Retrospective analysis of treatment outcomes in patients with gastrointestinal obstruction due to colorectal cancer who underwent an endoscopic treatment with the insertion of SEMS in the years 2018–2025 at the Department of General, Gastroenterological and Oncological Surgery, Collegium Medicum Nicolaus Copernicus University in Toruń, Poland.

Results

In 128 patients with gastrointestinal obstruction due to colorectal cancer, endoscopic treatment with the insertion of SEMS was performed.

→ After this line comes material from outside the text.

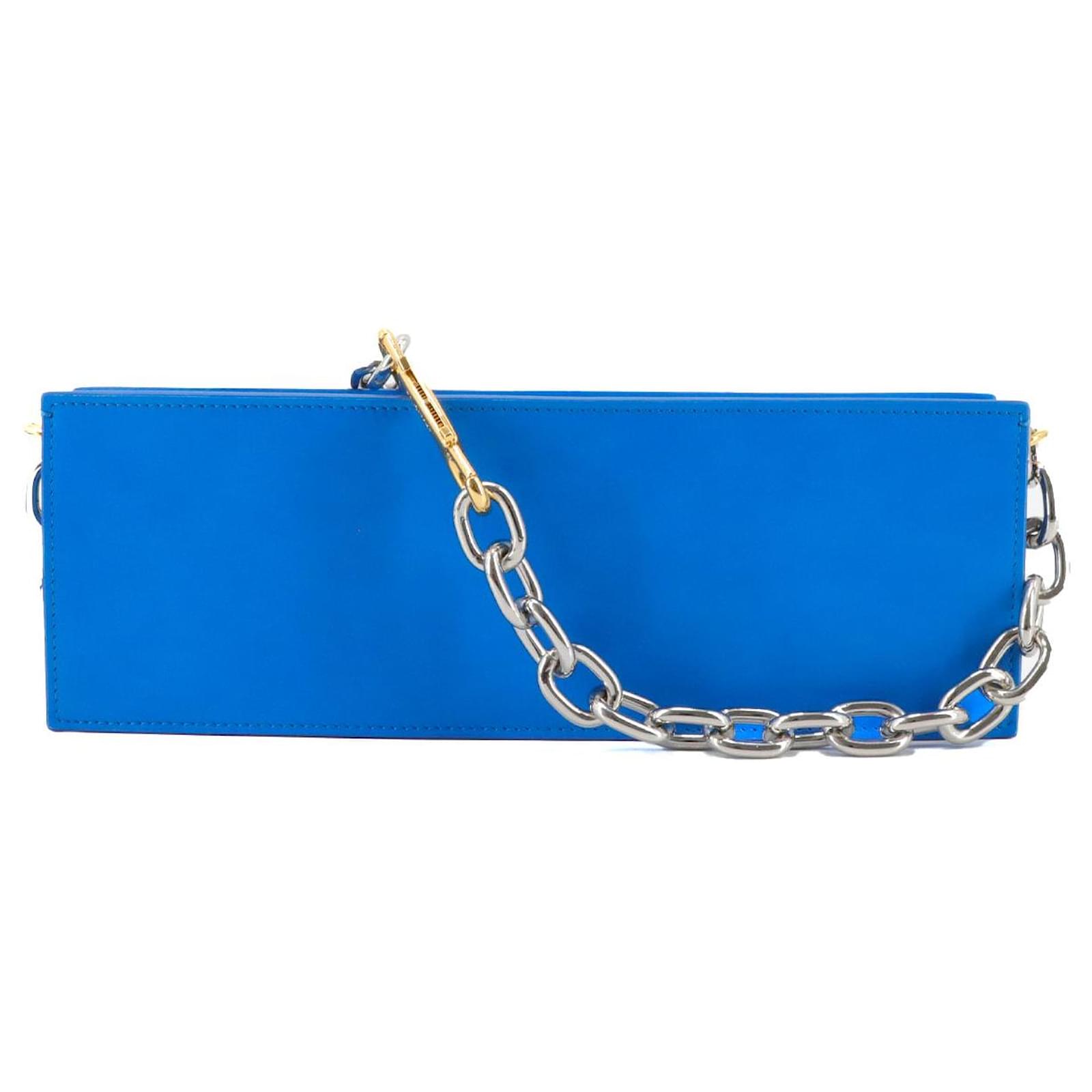 Model: CiuciuMaterial: LeatherColor: BlueJewelry Color: Silver | GoldDimensions: 30cm x 10cm x 4cmBeige canvas liningRemovable shoulder strap

In 56/128 (43.75%) patients, the procedure was palliative. In the remaining 72/128 (56.25%) patients, the endoscopic procedure served as a bridge to surgery. Technical success of the endoscopic procedure was achieved in 119/128 (92.97%) patients. Early complications, such as gastrointestinal perforation, were observed in 8/128 (6.25%) patients who required surgery. Clinical success was achieved in 104/128 (81.25%) patients. 11/128 (8.59%) patients required surgery due to persistent symptoms of gastrointestinal obstruction.

Conclusions

The use of SEMS for gastrointestinal obstruction associated with colon cancer reduces the frequency of urgent surgical procedures involving stoma formation. Furthermore, stenting of colonic obstruction provides a bridge to laparoscopic oncological treatment in some patients.